Working data: Begin

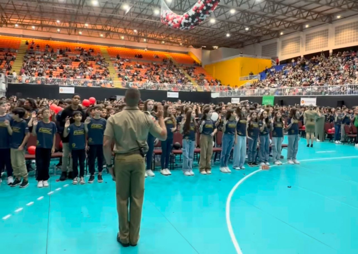 Reprodução/SJ Agora O Programa Educacional de Resistência às Drogas e à Violência (Proerd) formou, na noite desta quinta-feira (4), cerca de 1.150 alunos do 5º ano de 18 escolas municipais, estaduais e privadas de São José. A cerimônia aconteceu no Centro Multiuso, que ficou de casa cheia com familiares, amigos e professores prestigiando a ocasião.
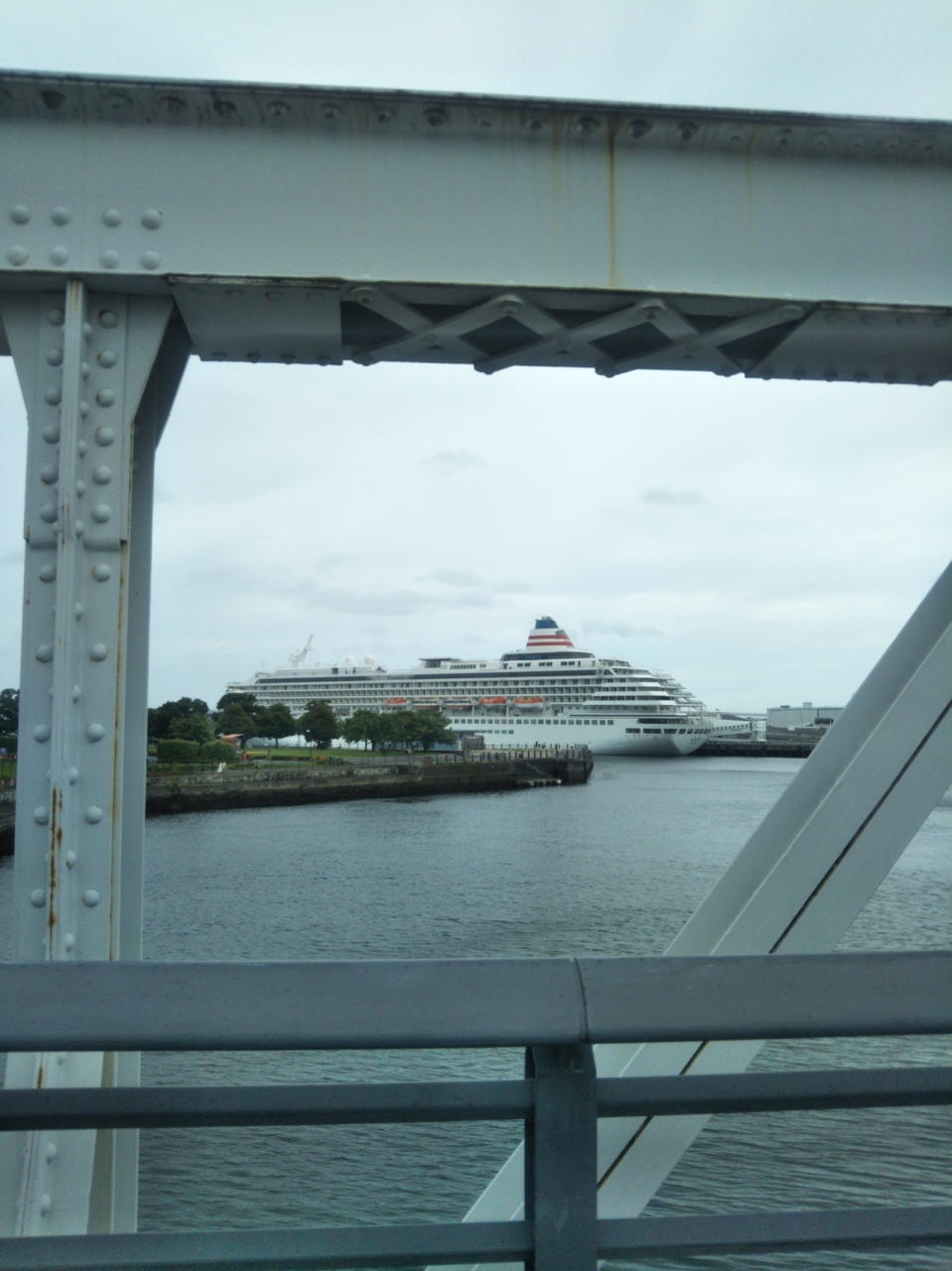 『新港橋梁』は、大正元年に建造された貨物線のための鉄道橋です。赤レンガ倉庫と象の鼻パークを結ぶ場所に架けられていて、みなとみらいの景色や飛鳥Ⅱが停泊している様子などが見られます。
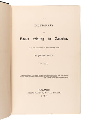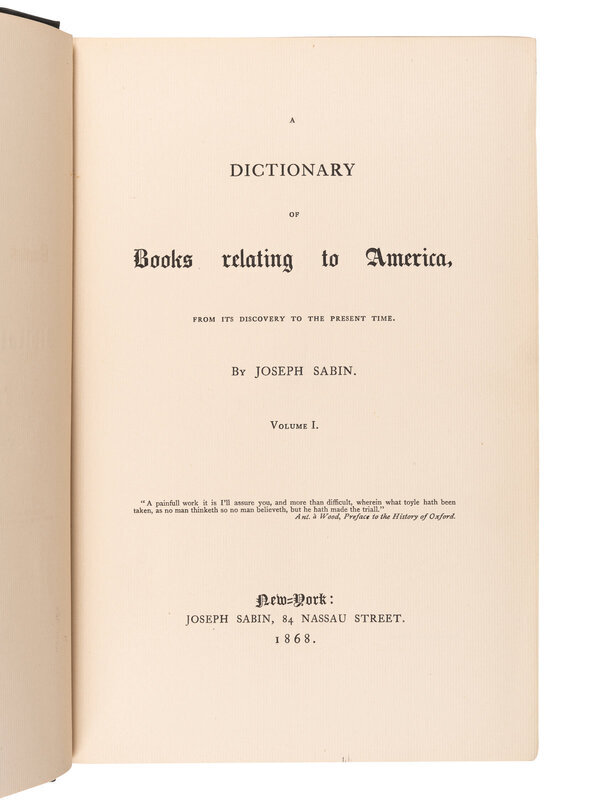 [AMERICANA - BIBLIOGRAPHY]. SABIN, Joseph (1821-1881). A Dictionary of Books Relating to America. R.W.G VAIL, editor. New York: Joseph Sabin, 1868-1936.
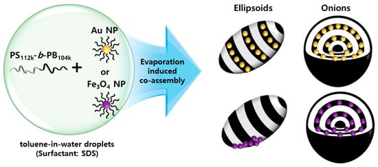 J. Shin et al. [49] analyzed the effect of MNPs on the nanostructure of nanocomposites formed by symmetric poly(styrene-b-1,4-butadiene) (PS-b-PB) BCP with Fe3O4 or Au nanoparticles, comparing the effect of NP type as well as their placement at the nanodomains. They first synthesized Au and Fe3O4 nanoparticles stabilized with oleyl ligands. The confined co-assembly of symmetric poly(styrene-b-1,4-butadiene) (PS-b-PB) BCP and NPs in evaporative emulsions resulted in particles with various morphologies, including striped ellipsoids, onion-like particles, and their intermediates. The main difference among PS-b-PB/Au and PS-b-PB/Fe3O4 was in the distribution of NPs, which affected the overall particle morphology. In the case of PS-b-PB/Fe3O4 ellipsoids, MNPs clustered and segregated to the particle/surrounding interface of the ellipsoids, being selectively placed in the middle of the PB domains in a string-like pattern for PS-b-PB/Fe3O4 onion-like particles. The scheme of the employed procedure is shown in Figure 2.
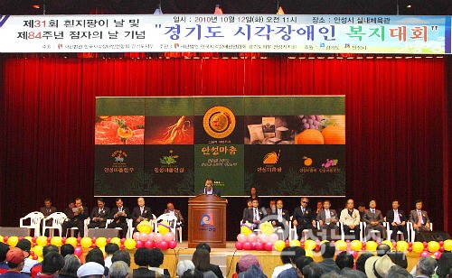 제31회 흰지팡이의 날 및 제84주년 점자의 날을 기념하는 경기도 시각장애인복지대회가 12일 안성시 실내체육관에서 개최됐다.
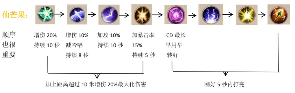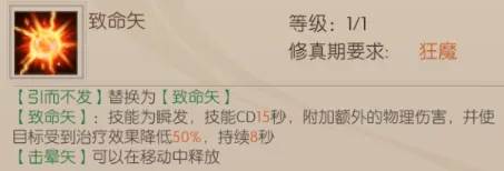 ![]() 落雷标记增伤10%,持续10秒 | ![]() 致命矢替换引而不发,CD减至15秒,减治疗50%持续8秒 | 仙增伤 魔减治疗 | |
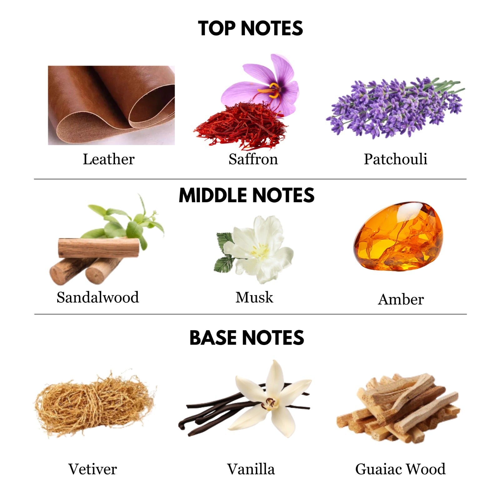 Leather, Agarwood(OUD), Patchouli, Guaiac Wood, Sandalwood, Musk, Vanilla, Tonka Bean, Vetiver, Benzoin
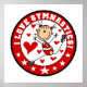 Uma ginasta de figura de palitos em um leotard vermelho com muitos corações vermelhos e texto que lê I Love Gymnastics on gymnast T-shirts, botões, capuzes, canecas, bolsas, cartas, botões, chaveiros, keepsakes, e muito mais.
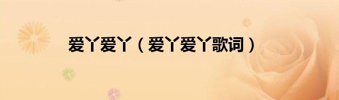 关于爱丫爱丫,爱丫爱丫歌词这个很多人还不知道,今天菲菲来为大家解答以上的问题,现在让我们一起来看看吧!
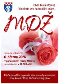 Obec Malá Morava Vás tímto zve na tradiční oslavu MDŽ, která se uskuteční 6. března 2026 v pohostinství Farmy Morava se zahájením v 17:00 hodin. Přijďte posedět a popovídat si se sousedy a známými. Hraje Arnošt Štěrba. Občerstvení zajištěno
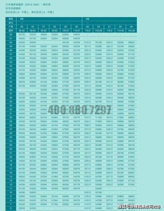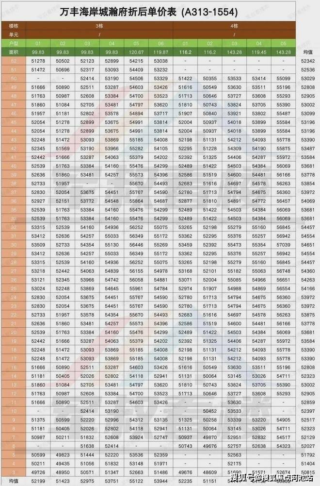 万丰海岸城单价表:
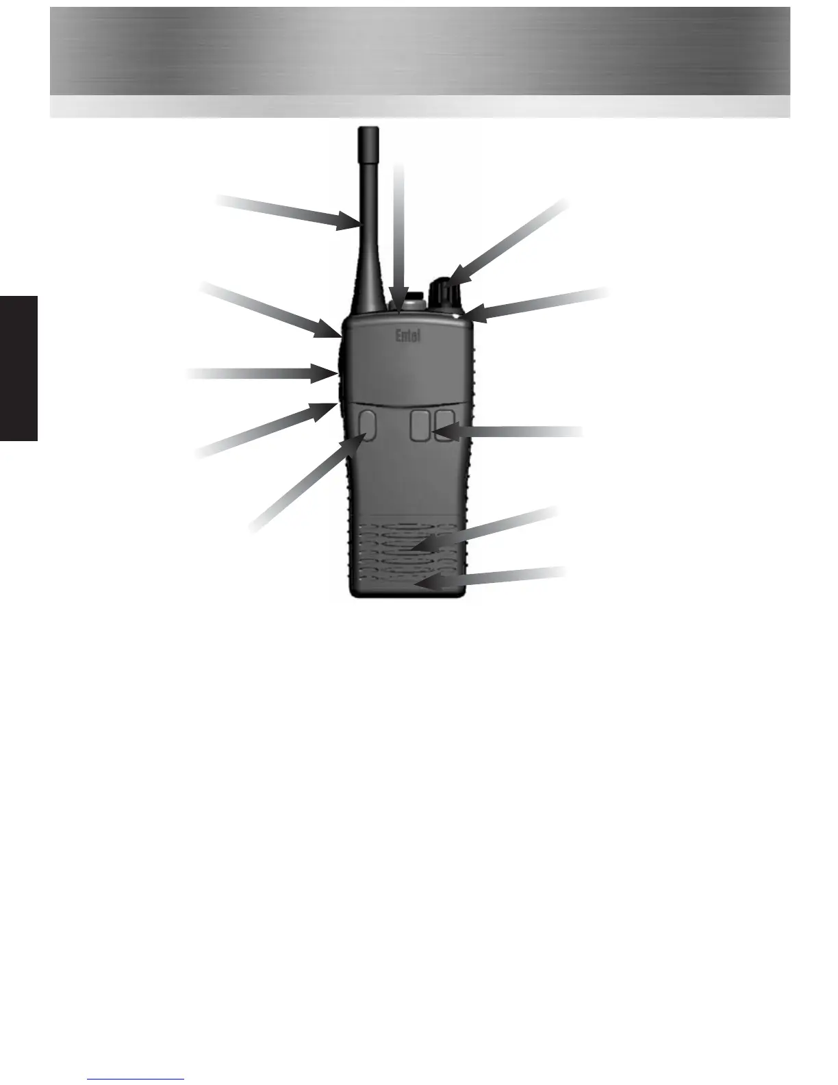 On / Off button. Press to turn radio on, press and hold to turn off.

Working data: End

Task objective: This exercise calls for the records to be given again exactly, without the images.

Your response:
 Reprodução/SJ Agora O Programa Educacional de Resistência às Drogas e à Violência (Proerd) formou, na noite desta quinta-feira (4), cerca de 1.150 alunos do 5º ano de 18 escolas municipais, estaduais e privadas de São José. A cerimônia aconteceu no Centro Multiuso, que ficou de casa cheia com familiares, amigos e professores prestigiando a ocasião.
 『新港橋梁』は、大正元年に建造された貨物線のための鉄道橋です。赤レンガ倉庫と象の鼻パークを結ぶ場所に架けられていて、みなとみらいの景色や飛鳥Ⅱが停泊している様子などが見られます。
 [AMERICANA - BIBLIOGRAPHY]. SABIN, Joseph (1821-1881). A Dictionary of Books Relating to America. R.W.G VAIL, editor. New York: Joseph Sabin, 1868-1936.
 J. Shin et al. [49] analyzed the effect of MNPs on the nanostructure of nanocomposites formed by symmetric poly(styrene-b-1,4-butadiene) (PS-b-PB) BCP with Fe3O4 or Au nanoparticles, comparing the effect of NP type as well as their placement at the nanodomains. They first synthesized Au and Fe3O4 nanoparticles stabilized with oleyl ligands. The confined co-assembly of symmetric poly(styrene-b-1,4-butadiene) (PS-b-PB) BCP and NPs in evaporative emulsions resulted in particles with various morphologies, including striped ellipsoids, onion-like particles, and their intermediates. The main difference among PS-b-PB/Au and PS-b-PB/Fe3O4 was in the distribution of NPs, which affected the overall particle morphology. In the case of PS-b-PB/Fe3O4 ellipsoids, MNPs clustered and segregated to the particle/surrounding interface of the ellipsoids, being selectively placed in the middle of the PB domains in a string-like pattern for PS-b-PB/Fe3O4 onion-like particles. The scheme of the employed procedure is shown in Figure 2.
 제31회 흰지팡이의 날 및 제84주년 점자의 날을 기념하는 경기도 시각장애인복지대회가 12일 안성시 실내체육관에서 개최됐다.
 ![]() 落雷标记增伤10%,持续10秒 | ![]() 致命矢替换引而不发,CD减至15秒,减治疗50%持续8秒 | 仙增伤 魔减治疗 | |
 Leather, Agarwood(OUD), Patchouli, Guaiac Wood, Sandalwood, Musk, Vanilla, Tonka Bean, Vetiver, Benzoin
 Uma ginasta de figura de palitos em um leotard vermelho com muitos corações vermelhos e texto que lê I Love Gymnastics on gymnast T-shirts, botões, capuzes, canecas, bolsas, cartas, botões, chaveiros, keepsakes, e muito mais.
 关于爱丫爱丫,爱丫爱丫歌词这个很多人还不知道,今天菲菲来为大家解答以上的问题,现在让我们一起来看看吧!
 Obec Malá Morava Vás tímto zve na tradiční oslavu MDŽ, která se uskuteční 6. března 2026 v pohostinství Farmy Morava se zahájením v 17:00 hodin. Přijďte posedět a popovídat si se sousedy a známými. Hraje Arnošt Štěrba. Občerstvení zajištěno
 万丰海岸城单价表:
 On / Off button. Press to turn radio on, press and hold to turn off.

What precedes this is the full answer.